- Born: Michael Gary Pearson 19 November 1969 Darlington, County Durham, England
- Died: 24 November 2008 (aged 39)
- Genres: Rock, hard rock
- Occupation: Musician
- Instruments: Drums; percussion;

= Michael Lee (musician) =

English rock drummer (1969–2008)

Michael Lee (born Michael Gary Pearson; 19 November 1969 – 24 November 2008) was an English drummer best known for touring and recording in the 1990s with Jimmy Page and Robert Plant.

== Biography ==
Born in Darlington, Lee started his semi professional career as a drummer with Holosade using the name Damien Lee & recorded the Hellhouse album moving on professionally with Little Angels, a band from Scarborough who became one of the primary British rock acts of the early 1990s. Lee was replaced in Little Angels during their Young Gods tour by Mark Richardson, after it was discovered he had auditioned for the Cult behind their backs. He went on to play the full Ceremony world tour with the Cult in 1991 and 1992.
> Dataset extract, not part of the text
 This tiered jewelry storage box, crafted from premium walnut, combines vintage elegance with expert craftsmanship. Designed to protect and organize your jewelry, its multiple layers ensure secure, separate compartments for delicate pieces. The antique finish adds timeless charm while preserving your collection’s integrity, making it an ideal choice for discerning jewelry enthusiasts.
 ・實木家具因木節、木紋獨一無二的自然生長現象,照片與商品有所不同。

After playing with the Cult, he would go on to work with Echo & the Bunnymen and the reformed version of Thin Lizzy. Lee also worked with many other bands including Holosade (with whom he received his first album recording credit as "Damian Lee"), Alaska, and Sweet Janes.
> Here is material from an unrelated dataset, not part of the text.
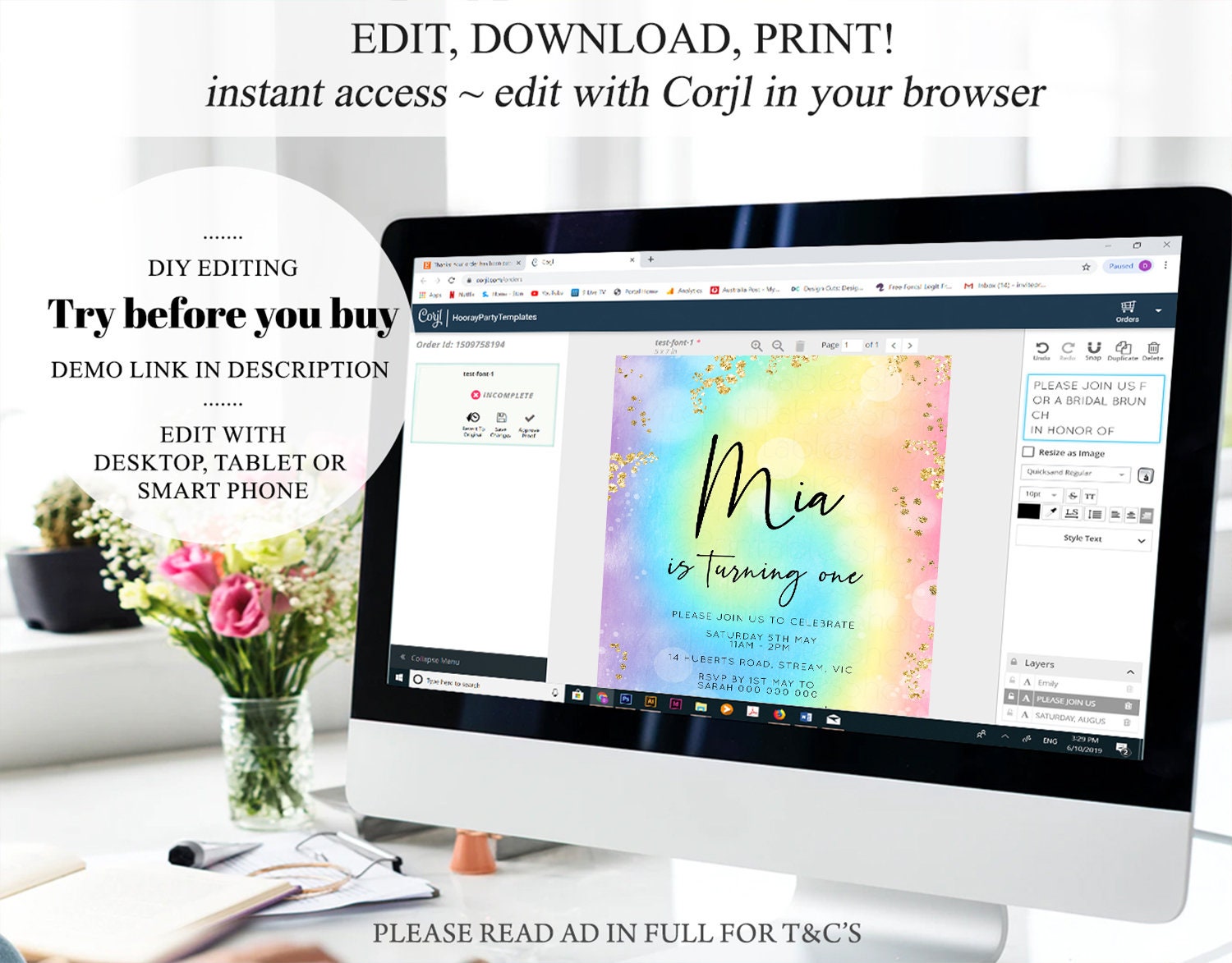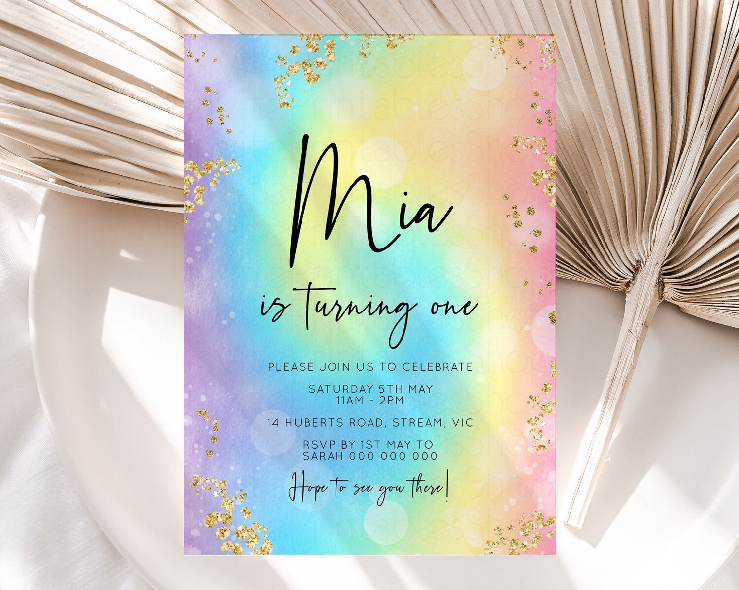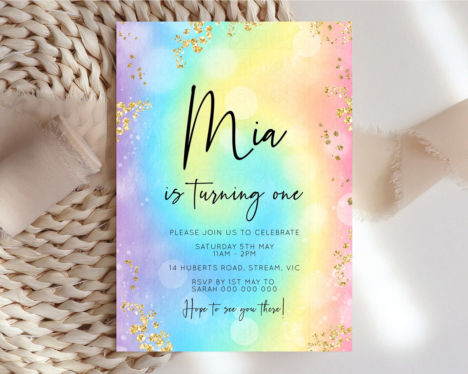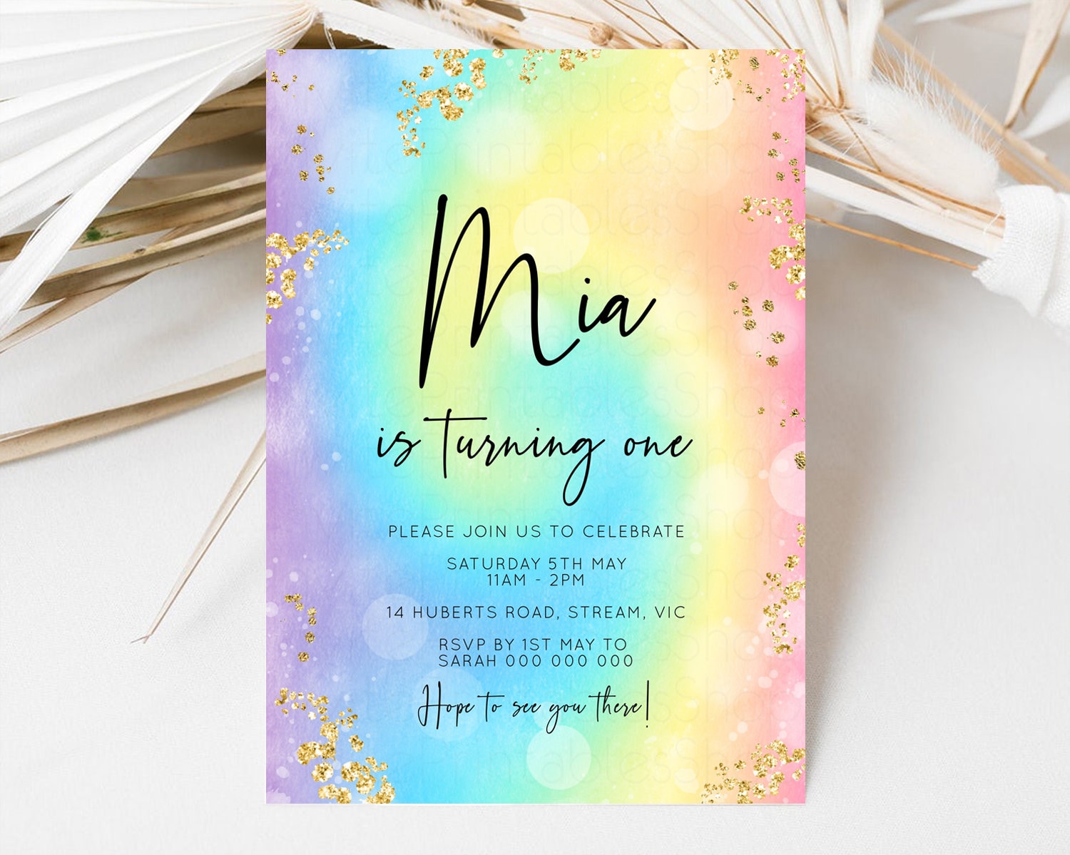 Rainbow Birthday Invitation Glitter Pastel Invitation Colorful Watercolor Gold Foil Splatter Sprinkles Ombre Glitter Invite 1st 2nd 3rd t571

Ultimately, it would be his work with Led Zeppelin frontman Robert Plant that garnered him the highest profile. As a result of his work on Plant's solo material, he was invited to continue this collaboration when Plant re-joined forces with Jimmy Page. Lee became the drummer for their touring and recording band, Page and Plant, and received writing credit for all songs on the band's 1998 album Walking into Clarksdale. Lee also toured with Jeff Martin and played drums on Martin's solo album, Exile and the Kingdom. He also co-operated on the 2006 Ian Gillan album, Gillan's Inn.
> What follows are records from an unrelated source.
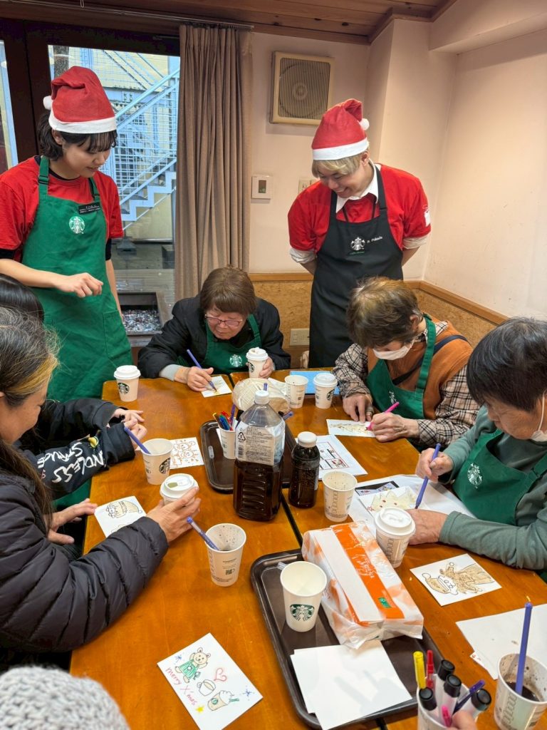 スターバックス様のご協力の元、先着50名限定で『バリスタ体験』とコーヒー豆で作った絵具を使った『オリジナルポストカード作り』を行いました。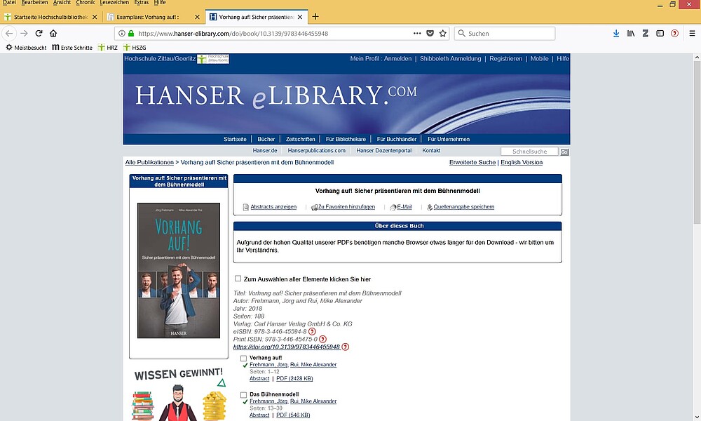 Alle diese elektronischen Bücher sind im Katalog der Hochschulbibliothek und unter "Elektronische Medien" → Hanser zu finden. Ein Teil der 2018er Titel ist bei Hanser noch nicht erschienen. In der Datei "Info zu Hanser 2018" sind die voraussichtlichen Erscheinungsmonate verzeichnet.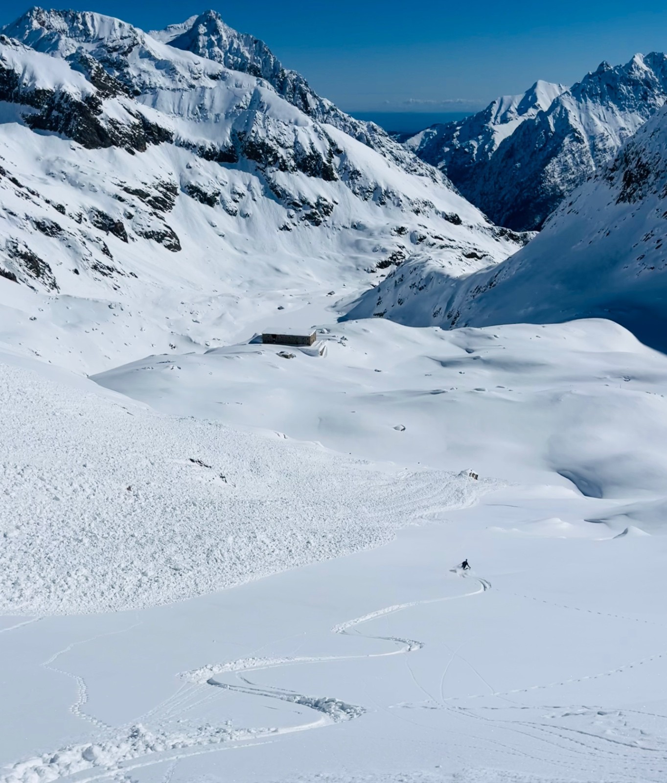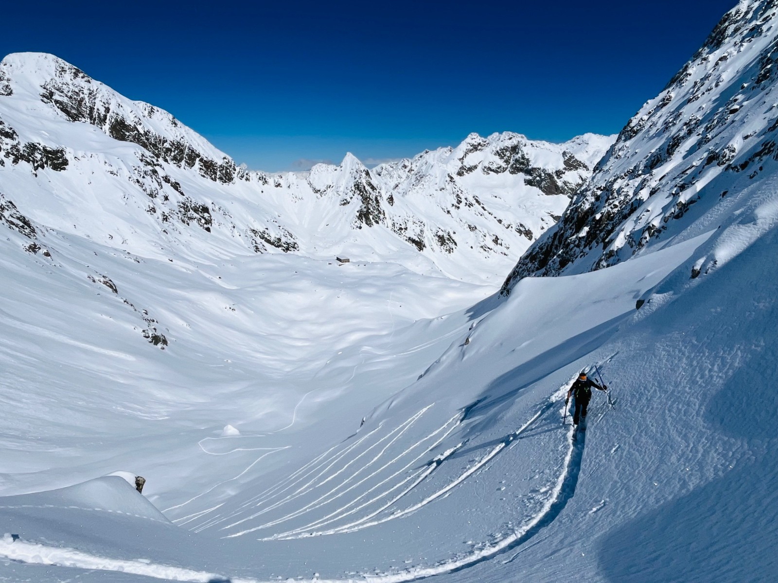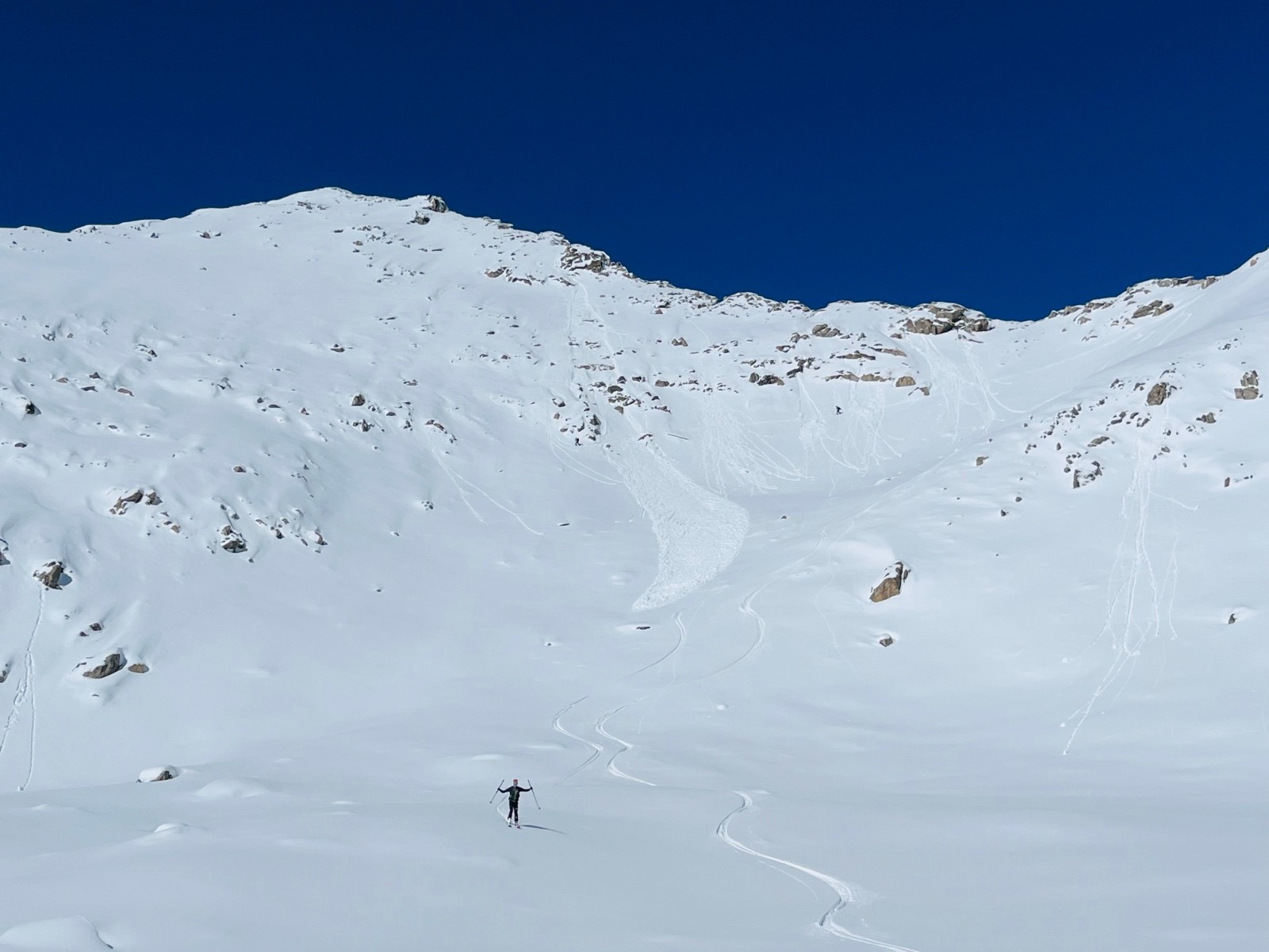 Grosse session poudre et traçage autour de la tête de Tavels avec Hugues ! Neige d hiver froide top en versant froid. Début de croute en sud et crues avalancheuses copieuses nous ont fait renoncer au tour partiel du Malinvern (le pas du Loup probablement très chargé n était de toute façon pas au programme).

Similarly to Led Zeppelin's John Bonham, Lee used large drum sizes, something he attributed to his 6'5" height. His bass drum was 26" in diameter, and his snare drum was a brass 14" x 14" shell.

== Death ==
Lee was found dead in his flat on 24 November 2008, having suffered a fatal epileptic seizure. His funeral took place the following week in his hometown of Darlington, and was attended by former bandmates Toby Jepson and Jimmy Page.